In a report of the most recent study, Heffron and coworkers analyzed data from 3,790 serodiscordant couples and found that women who used DMPA were, on average, twice as likely to acquire HIV and to transmit HIV as women who did not use DMPA. The number of seroconversions in the study was, however, low—13 women and 19 men—and investigators did not give information about the duration of DMPA use.
Furthermore, this study was a secondary analysis of a cohort study designed to assess the role of herpes simplex virus in HIV acquisition; it was not designed with the question of a DMPA-HIV link in mind.
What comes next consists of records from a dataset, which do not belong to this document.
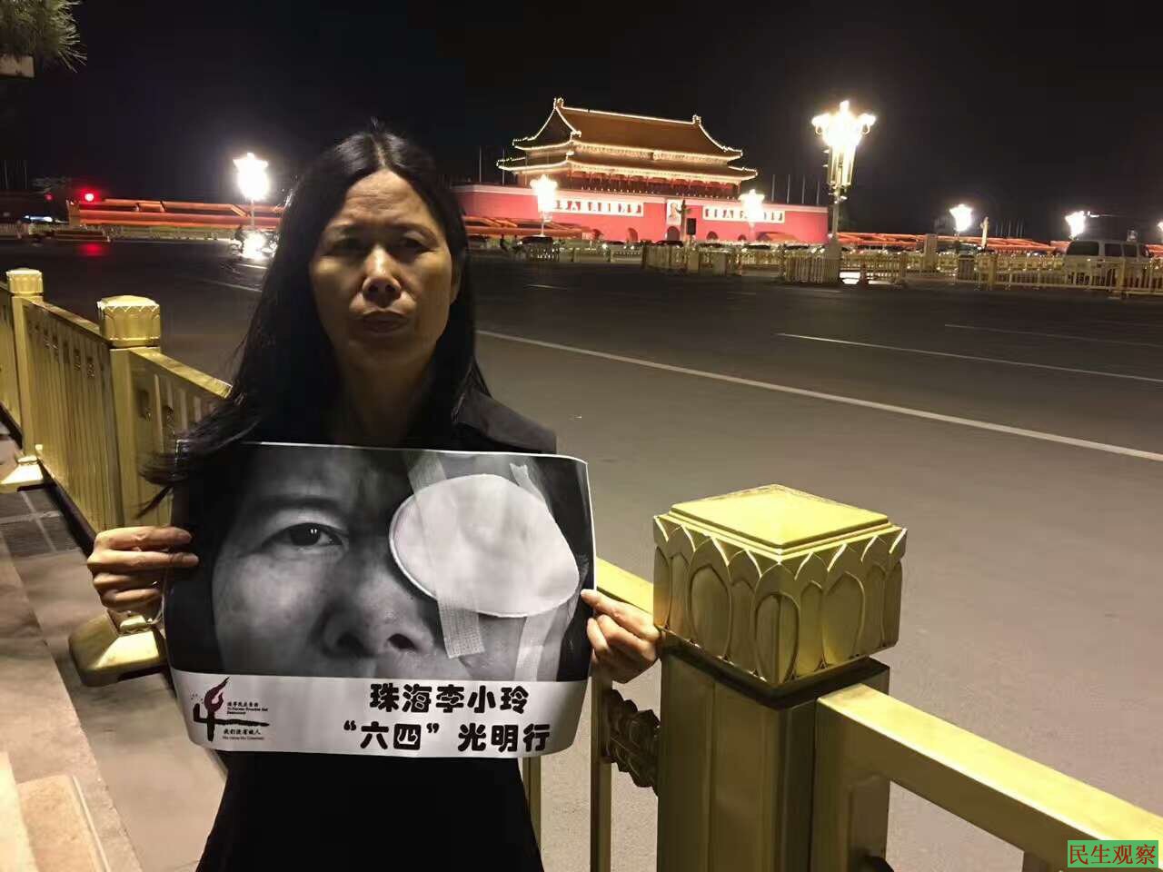 2017年6月2日,李小玲在好友的陪同下去到北京准备寻求名医帮助及治疗。6月3日,李小玲发起“六四光明行”行动,得到广泛关注和支持。6月4日凌晨,李小玲在友人家中被捕,同时被捕的还有不同地址的多位好友,被捕人数总共9位,羁押北京西城区看守所。7月5日,涉案8人被以取保释放,李小玲被广东警方接走送回珠海,非法禁锢在黑监狱小宾馆,24小时派人贴身看管。7月15日,李小玲趁看管人员不备逃离黑监狱,并辗转多地于7月底抵达北京西站,被一早等候的珠海警方强行带走,8月1日遭刑拘十天,8月8日,李小玲被珠海警方刑事拘留,9月12日,李小玲被批准逮捕。2018年5月,当局通知辩护律师指李小玲案将于6月8日开庭审理,其后开庭取消。2018年12月3日,李小玲被以取保候审方式获得释放,累计超期羁押一年半。羁押期间,李小玲双眼得不到治疗,看守所拒绝为李小玲提供中山眼科中心开出的处方眼药水,仅以普通眼药水搪塞敷衍。同时,李小玲腹部肿瘤出现疼痛症状,李小玲多次要求治疗不果,辩护律师多次向珠海警方提出取保候审治疗申请,但均遭拒绝。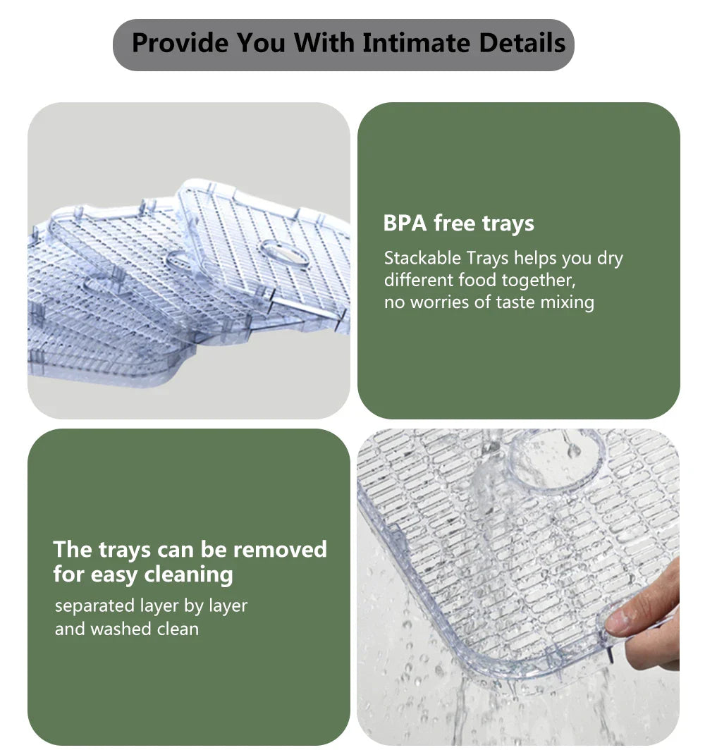 EASY TO STORE & CLEAN - The dehydrator is detachable and the trays are dishwasher safe, making it easy and convenient for you to clean and store; Suitable for drying fruit, vegetables, meat, herbs, mushrooms, or to make beef jerky, turkey jerky, fish jerky, and any other homemade food; Also can be used to make chews and snacks for your pets.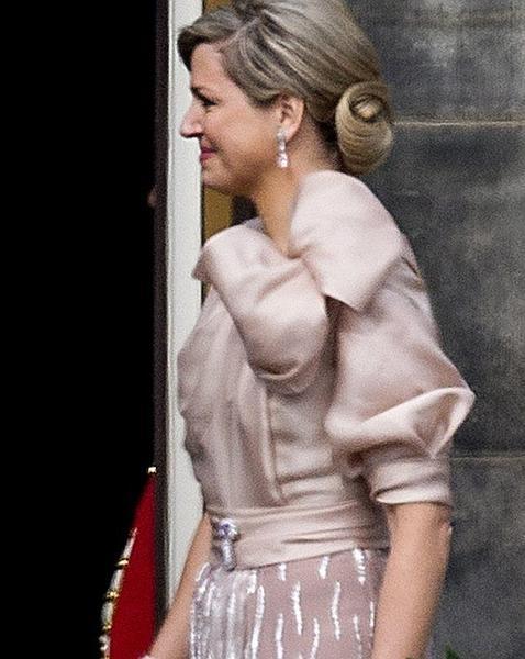Para esta ocasión se decanta por un elegante vestido largo color vino que resalta su figura. Con mucha caída, de manga larga, lánguido y un poco de cola, así es como se presenta la argentina que ha llegado a ser reina consorte de los Países Bajos. Varias pulseras y dos broches en forma de flor completan el look de la nueva reina holandesa.

That leaves questions about contraceptive use, duration of such use, and associated sexual behavior unanswered.
In short, this study adds to an important, growing body of literature, but does not provide evidence for changing gynecologic practice regarding DMPA use and eligibility.
No study has clearly demonstrated sufficiently strong evidence of a putative link between DMPA use and an increased rate of HIV transmission in women at high risk of HIV disease for you to discourage its use in any of your patients for whom DMPA is appropriate.
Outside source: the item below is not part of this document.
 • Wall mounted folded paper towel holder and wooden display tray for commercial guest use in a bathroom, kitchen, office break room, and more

Stakeholders at the WHO’s 2012 meeting on this matter concluded that 1) no change to guidelines is warranted and 2) hormonal contraception should be promoted for all women, regardless of HIV risk. That conclusion takes into account the fact that the results of more than a decade of research on the role of hormonal contraception in HIV acquisition have been equivocal.12
Given the well-known benefits of effective contraception in preventing unintended pregnancy for all women, especially those at risk of transmitting HIV, you should continue to promote DMPA and all other formulations and methods of hormonal contraception to eligible women.